From the listing below, output only the lines starting at the line that has "Клемма для предохранителя, винтовой" and ending at the line that has "Property Manager の", exactly as they appear, ends included.

» DATA PROVIDED
Content starts
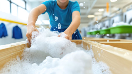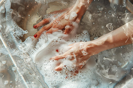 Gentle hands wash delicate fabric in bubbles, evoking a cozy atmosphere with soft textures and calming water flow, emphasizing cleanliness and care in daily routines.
Content ends
Content starts
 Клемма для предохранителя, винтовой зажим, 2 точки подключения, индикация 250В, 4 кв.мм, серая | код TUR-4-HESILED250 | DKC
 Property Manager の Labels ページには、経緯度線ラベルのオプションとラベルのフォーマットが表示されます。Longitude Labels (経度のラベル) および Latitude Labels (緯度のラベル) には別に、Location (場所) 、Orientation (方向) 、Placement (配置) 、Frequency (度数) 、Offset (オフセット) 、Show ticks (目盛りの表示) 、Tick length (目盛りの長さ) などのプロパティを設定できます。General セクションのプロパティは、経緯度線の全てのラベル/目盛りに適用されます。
Content ends
» RESPONSE TO THE TASK
 Клемма для предохранителя, винтовой зажим, 2 точки подключения, индикация 250В, 4 кв.мм, серая | код TUR-4-HESILED250 | DKC
 Property Manager の Labels ページには、経緯度線ラベルのオプションとラベルのフォーマットが表示されます。Longitude Labels (経度のラベル) および Latitude Labels (緯度のラベル) には別に、Location (場所) 、Orientation (方向) 、Placement (配置) 、Frequency (度数) 、Offset (オフセット) 、Show ticks (目盛りの表示) 、Tick length (目盛りの長さ) などのプロパティを設定できます。General セクションのプロパティは、経緯度線の全てのラベル/目盛りに適用されます。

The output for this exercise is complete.